Pour maîtriser la propagation d’une maladie infectieuse dans un large territoire d’élevage, l'allocation d'une ressource limitée est une question fondamentale mais difficile, surtout lorsque les contacts entre fermes forment un réseau de grande dimension. Deux unités INRAE des départements Santé Animale (BIOEPAR) & MathNum (MaIAGE) ont traité ce problème en créant un modèle générique pour une maladie du bétail théorique qui se propage dans un grand réseau de commerce d'animaux, où les dynamiques infectieuse et démographique intra-troupeau sont spécifiées, et prenant en compte les mouvements commerciaux des animaux.

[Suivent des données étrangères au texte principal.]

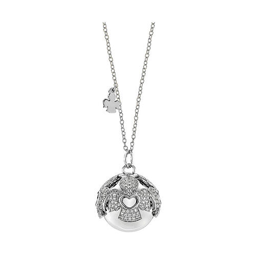 Amen Angel Caller Necklace Rhodium-Plated Steel White Zircons Charm 95 cm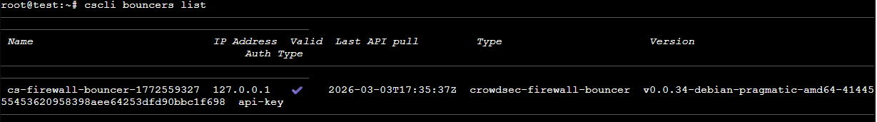 (On doit voir ton firewall-bouncer avec la coche valide ✔️).

Pour l'allocation des ressources (un vaccin ou un traitement), un score a été attribué à chacun des troupeaux, ce qui a permis de les ordonner. La ressource est ensuite allouée à partir du sommet de ce classement jusqu'à ce qu’elle ne soit plus disponible. Dans les scénarios évalués, les simulations montrent en particulier que les fonctions proposées, s’appuyant sur les informations relatives à la santé des troupeaux, sont parmi celles qui contrôlent le mieux la propagation de la maladie. L'approche développée pourrait être adaptée à d'autres modèles épidémiologiques ou à d'autres mesures de contrôle dans le cadre de métapopulations.

ASF Challenge a été le premier défi de modélisation en santé animale, à l’instar de ce qui est organisé de manière récurrente en santé humaine (ex : grippe, Ebola, Chikungunya, Dengue, etc.). De tels défis sont nécessaires pour être collectivement mieux préparés à faire face aux menaces sanitaires émergentes, en améliorant notamment la capacité des modélisateurs à conseiller en temps utile les décideurs politiques. Les unités BIOEPAR et IHAP du département Santé Animale d’INRAE ont développé un modèle original de la propagation spatio-temporelle du virus de la peste porcine africaine (PPA). Cette épidémie virtuelle se propage à l'interface entre porcs et sangliers dans un contexte européen typique. Le nombre de cas détectés dans chacune des deux populations d’hôtes a été fourni à des équipes internationales pour qu’elles reproduisent l'épidémie, prévoient son expansion et hiérarchisent des mesures de maîtrise. Les meilleurs modèles des participants ne sont pas les mêmes selon que l’on cherche à prévoir la suite de l’épidémie ou à évaluer des stratégies. Des modèles d'ensemble ont ensuite été proposés pour tirer parti de toutes les prévisions fournies par les modèles individuels des équipes. Ils surpassent la plupart des modèles individuels, mettant en exergue la plus-value de la compétition internationale (diversité des approches proposées) puis de la collaboration (minimisation du risque d’erreur dans les conclusions). ASF Challenge a contribué à améliorer la préparation des équipes de modélisation pour faire face aux futures épidémies de PPA mais a démontré également que la prise en compte de l'interface animaux d’élevage / faune sauvage est essentielle pour accroître notre efficacité dans la maîtrise des maladies animales émergentes.